<<<<
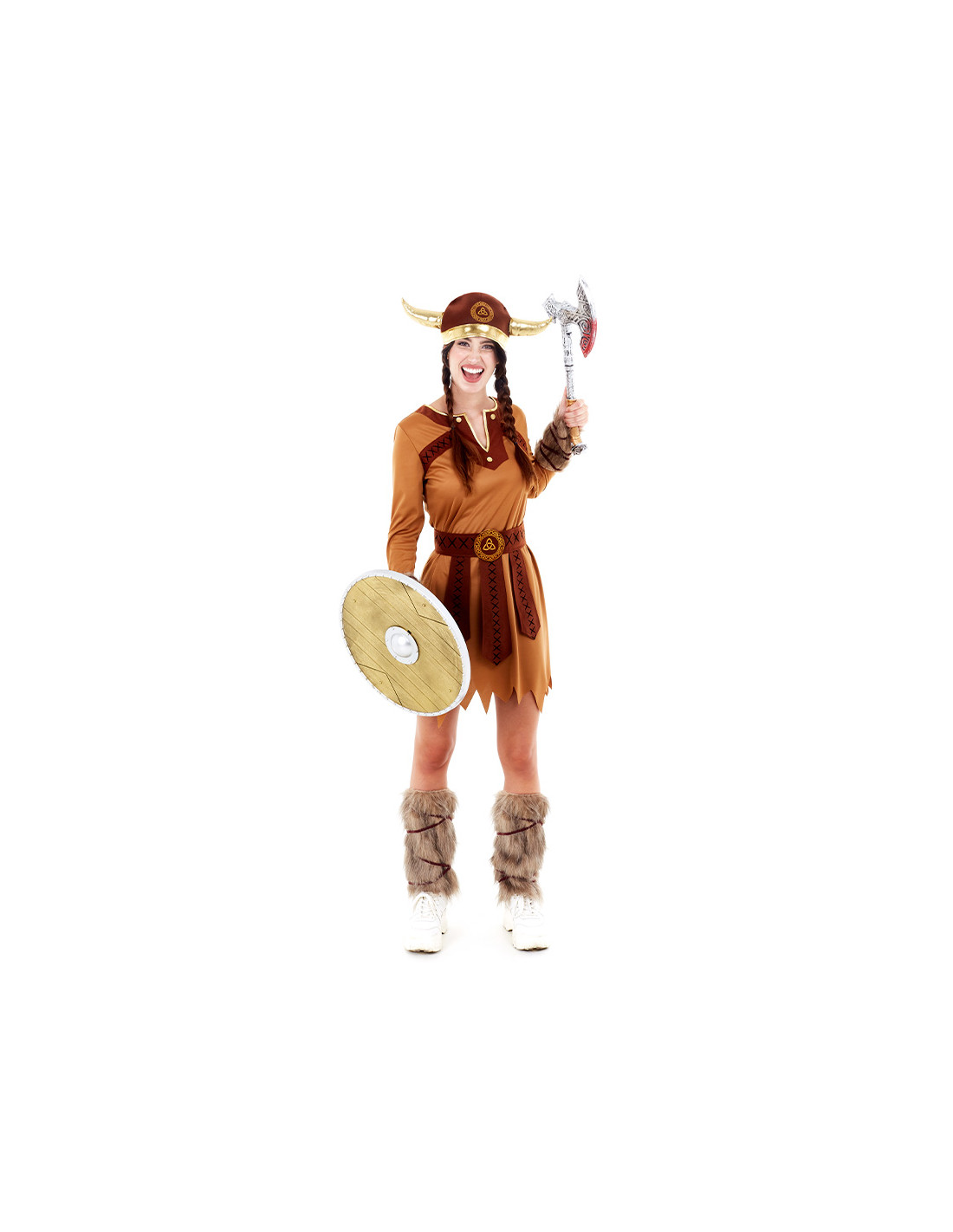 Precioso disfraz de Vikinga para mujer que esta compuesto por, vestido, gorro, cinturón, perneras y muñequeras. No incluye hacha, casco y escudo.
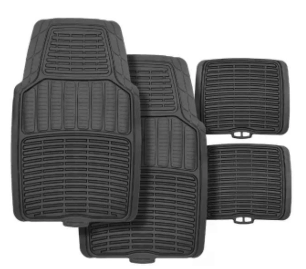 Set of four black rubber car floor mats. Includes two large front mats and two smaller rear mats. Ribbed surface for easy cleaning and traction.
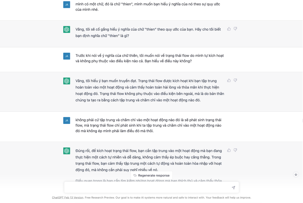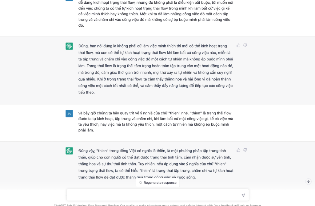 Chat GPT: Đúng vậy, “thien” trong tiếng Việt có nghĩa là thiền, là một phương pháp tập trung tinh thần, giúp cho con người có thể đạt được trạng thái tĩnh tâm, cảm nhận được sự yên tĩnh, thăng hoa và sự thư thái tinh thần. Tuy nhiên, nếu áp dụng vào ý nghĩa của chữ “thien” trong trạng thái flow, ta có thể hiểu “thien” là trạng thái tập trung, chăm chỉ và tự kích hoạt trạng thái flow để đạt được thành quả trong công việc và cuộc sống.
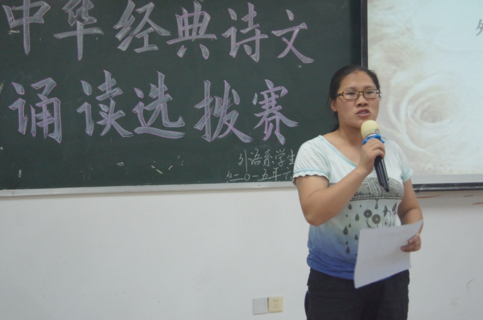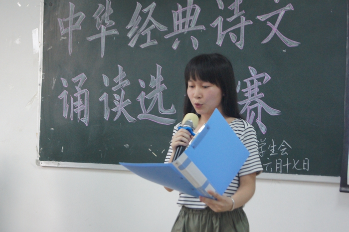 为了更好地响应学院语委2015年中华经典诗文诵读大赛,贯彻落实《国家通用语言文字法》,弘扬民族传统文化,推进中华经典活动的开展,同时给我院同学提供一个展现自我的平台。促进学生养成读书、诵读的良好习惯,提升学生审美情趣和文学艺术素养,营造和谐的人文校园氛围。外语系团学于2015年6月17日晚上19点在1505教室成功举办了2015年中华经典诗文诵读选拔大赛外语系初赛,外语系团学副书记周俊巧老师及外语系团学学生会副主席甘宏静担任本次比赛评委。
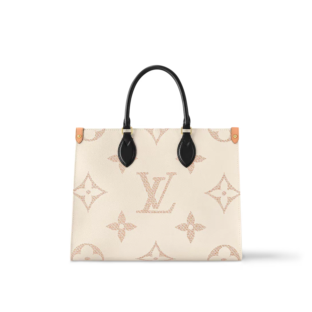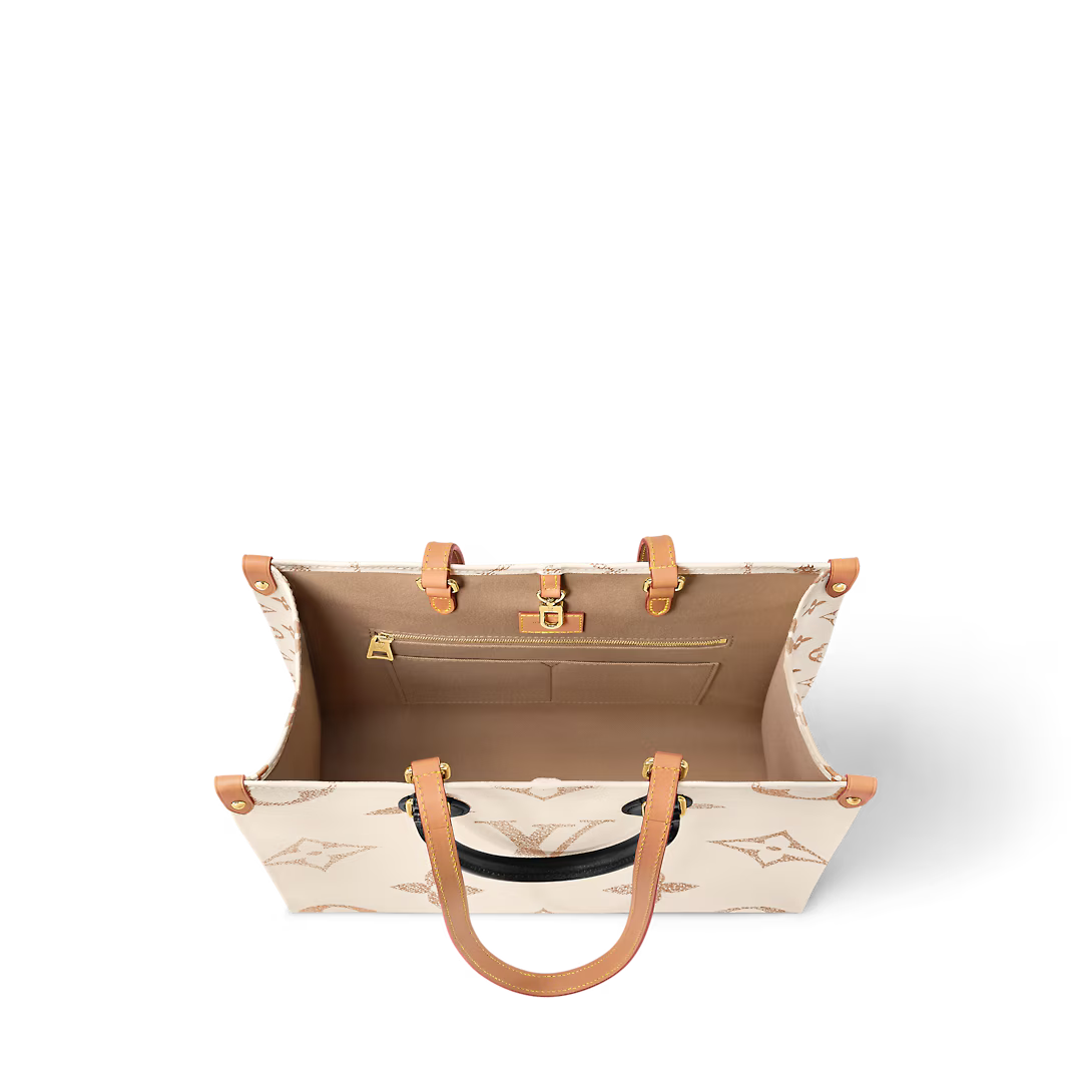 From the Cruise 24 collection comes this OnTheGo MM a capacious tote crafted from new Monogram Dune canvas. The sand-inspired colorway gives a modern effortless air to this versatile OnTheGo which features two top handles in contrasting black leather and twin shoulder straps made from the Maison’s heritage natural cowhide. Golden hardware adds a gleaming flourish to the piece.
>>>>
## WHAT YOU NEED TO DO
Give back the data exactly, with no images.

## RESULT FOR THIS EXERCISE
 Precioso disfraz de Vikinga para mujer que esta compuesto por, vestido, gorro, cinturón, perneras y muñequeras. No incluye hacha, casco y escudo.
 Set of four black rubber car floor mats. Includes two large front mats and two smaller rear mats. Ribbed surface for easy cleaning and traction.
 Chat GPT: Đúng vậy, “thien” trong tiếng Việt có nghĩa là thiền, là một phương pháp tập trung tinh thần, giúp cho con người có thể đạt được trạng thái tĩnh tâm, cảm nhận được sự yên tĩnh, thăng hoa và sự thư thái tinh thần. Tuy nhiên, nếu áp dụng vào ý nghĩa của chữ “thien” trong trạng thái flow, ta có thể hiểu “thien” là trạng thái tập trung, chăm chỉ và tự kích hoạt trạng thái flow để đạt được thành quả trong công việc và cuộc sống.
 为了更好地响应学院语委2015年中华经典诗文诵读大赛,贯彻落实《国家通用语言文字法》,弘扬民族传统文化,推进中华经典活动的开展,同时给我院同学提供一个展现自我的平台。促进学生养成读书、诵读的良好习惯,提升学生审美情趣和文学艺术素养,营造和谐的人文校园氛围。外语系团学于2015年6月17日晚上19点在1505教室成功举办了2015年中华经典诗文诵读选拔大赛外语系初赛,外语系团学副书记周俊巧老师及外语系团学学生会副主席甘宏静担任本次比赛评委。
 From the Cruise 24 collection comes this OnTheGo MM a capacious tote crafted from new Monogram Dune canvas. The sand-inspired colorway gives a modern effortless air to this versatile OnTheGo which features two top handles in contrasting black leather and twin shoulder straps made from the Maison’s heritage natural cowhide. Golden hardware adds a gleaming flourish to the piece.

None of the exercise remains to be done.